§ EXERCISE REQUIREMENTS
An exact repetition of the data below, without images, is the expected answer.

§ DATASET EXTRACT
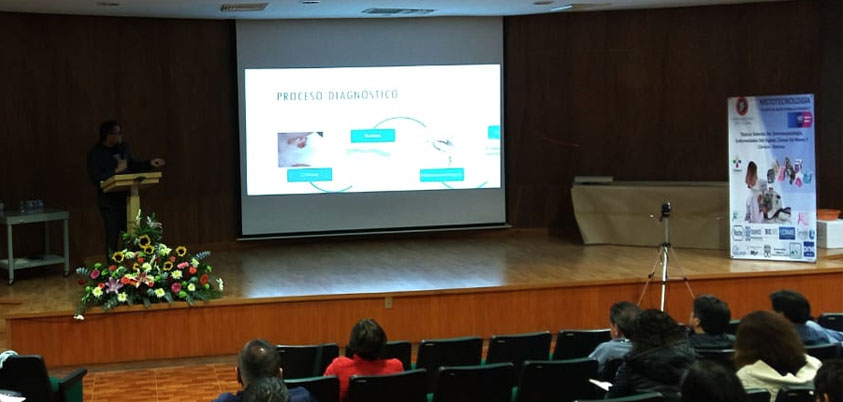 Agradecemos la participación de todos los asistentes al curso, así como de las instituciones y colaboradores que ofrecieron todo el apoyo para poder hacer de este curso; un éxito. Comprometidos con la mejora continua de nuestros procesos, así como de la actualización constante del gremio se realizó la demostración de cada una de las técnicas histoquímicas, Argénticas y de inmunohistoquímica utilizadas para el diagnóstico de Dermatopatología, patologías del hígado, cáncer cervicouterino y cáncer de mama. Así como microscopia electrónica, procesamiento de citología de diversos, y un caso retrospectivo de necrocirugía donde se utilizó histoquímica para llegar a un diagnóstico post - morten.
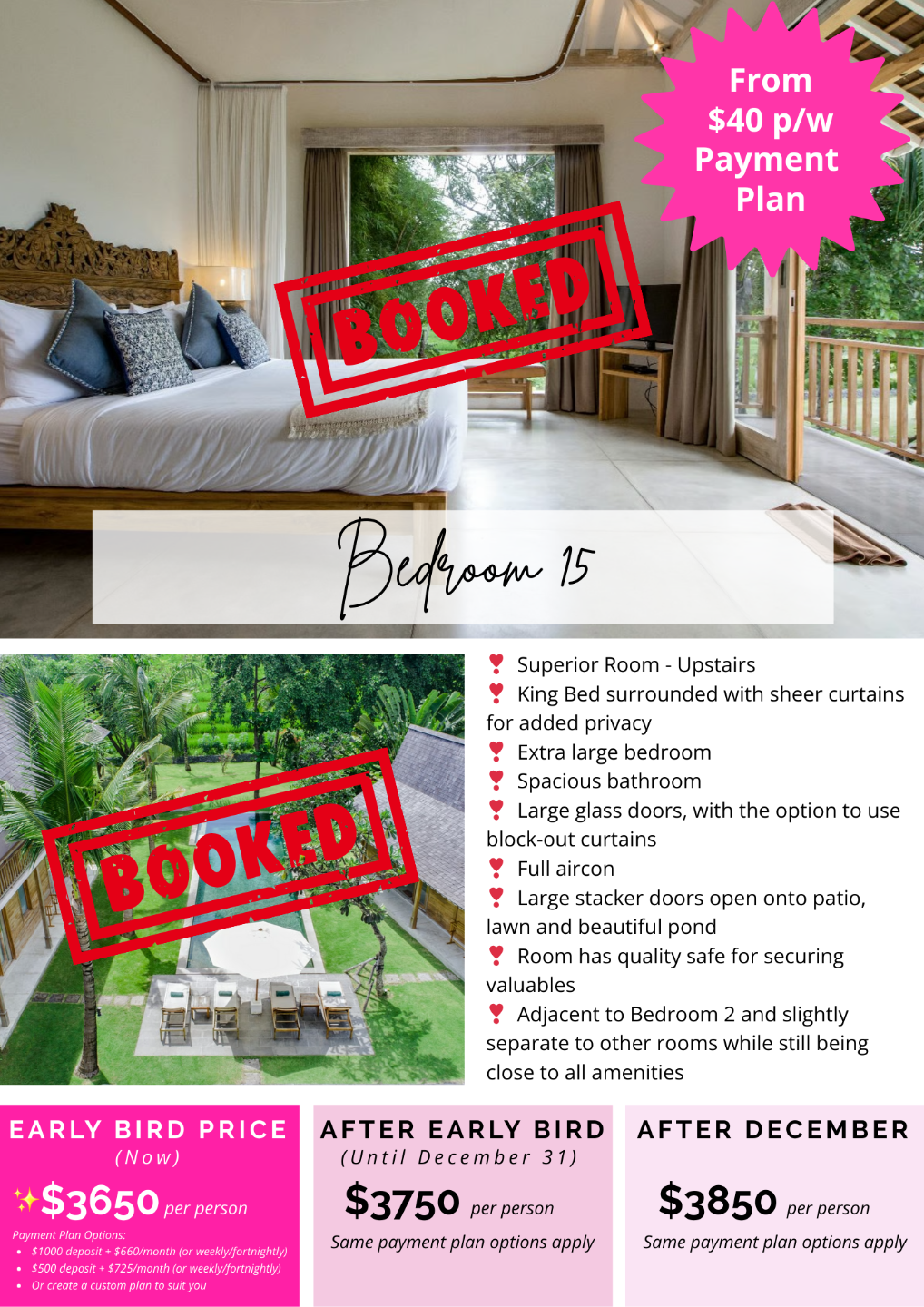 Payment Plans are available on ALL rooms with a minimum of $500 deposit.
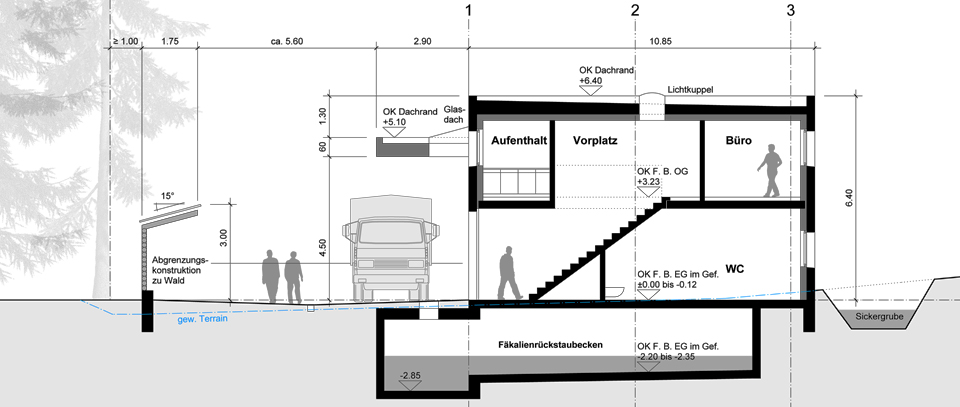 baugesuchsplan, querschnitt a-a
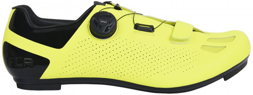 Elegantní, aerodynamická a pohodlná obuv FLR F-11 inspirovaná profesionály se vyznačuje kombinací výkonu, tuhosti a maximální podpory na silnici. Zároveň jsou tretry lehké a jednoduše se zapínají. | FLR F-11 jsou prvotřídní silniční tretry s bezešvou konstrukcí svršku tvořenou z jednoho kusu prvotřídního mikrovlákna, který se přizpůsobí tvaru vaší nohy. Systém šněrování je založen na jediném kolečku Atop a pásce na suchý zip. Zapínání je tak jednoduché a bezpečné. Kombinace otvorů z nylonové síťoviny, perforovaných otvorů a prodyšného jazyka slouží k ventilaci. Model F-11 je vybaven podrážkou R250, která zvyšuje výkon a přenos síly do pedálů. Přesto tretry zůstávají lehké a pohodlné. Hmotnost 260 g

§ ANSWER TO THE EXERCISE
 Agradecemos la participación de todos los asistentes al curso, así como de las instituciones y colaboradores que ofrecieron todo el apoyo para poder hacer de este curso; un éxito. Comprometidos con la mejora continua de nuestros procesos, así como de la actualización constante del gremio se realizó la demostración de cada una de las técnicas histoquímicas, Argénticas y de inmunohistoquímica utilizadas para el diagnóstico de Dermatopatología, patologías del hígado, cáncer cervicouterino y cáncer de mama. Así como microscopia electrónica, procesamiento de citología de diversos, y un caso retrospectivo de necrocirugía donde se utilizó histoquímica para llegar a un diagnóstico post - morten.
 Payment Plans are available on ALL rooms with a minimum of $500 deposit.
 baugesuchsplan, querschnitt a-a
 Elegantní, aerodynamická a pohodlná obuv FLR F-11 inspirovaná profesionály se vyznačuje kombinací výkonu, tuhosti a maximální podpory na silnici. Zároveň jsou tretry lehké a jednoduše se zapínají. | FLR F-11 jsou prvotřídní silniční tretry s bezešvou konstrukcí svršku tvořenou z jednoho kusu prvotřídního mikrovlákna, který se přizpůsobí tvaru vaší nohy. Systém šněrování je založen na jediném kolečku Atop a pásce na suchý zip. Zapínání je tak jednoduché a bezpečné. Kombinace otvorů z nylonové síťoviny, perforovaných otvorů a prodyšného jazyka slouží k ventilaci. Model F-11 je vybaven podrážkou R250, která zvyšuje výkon a přenos síly do pedálů. Přesto tretry zůstávají lehké a pohodlné. Hmotnost 260 g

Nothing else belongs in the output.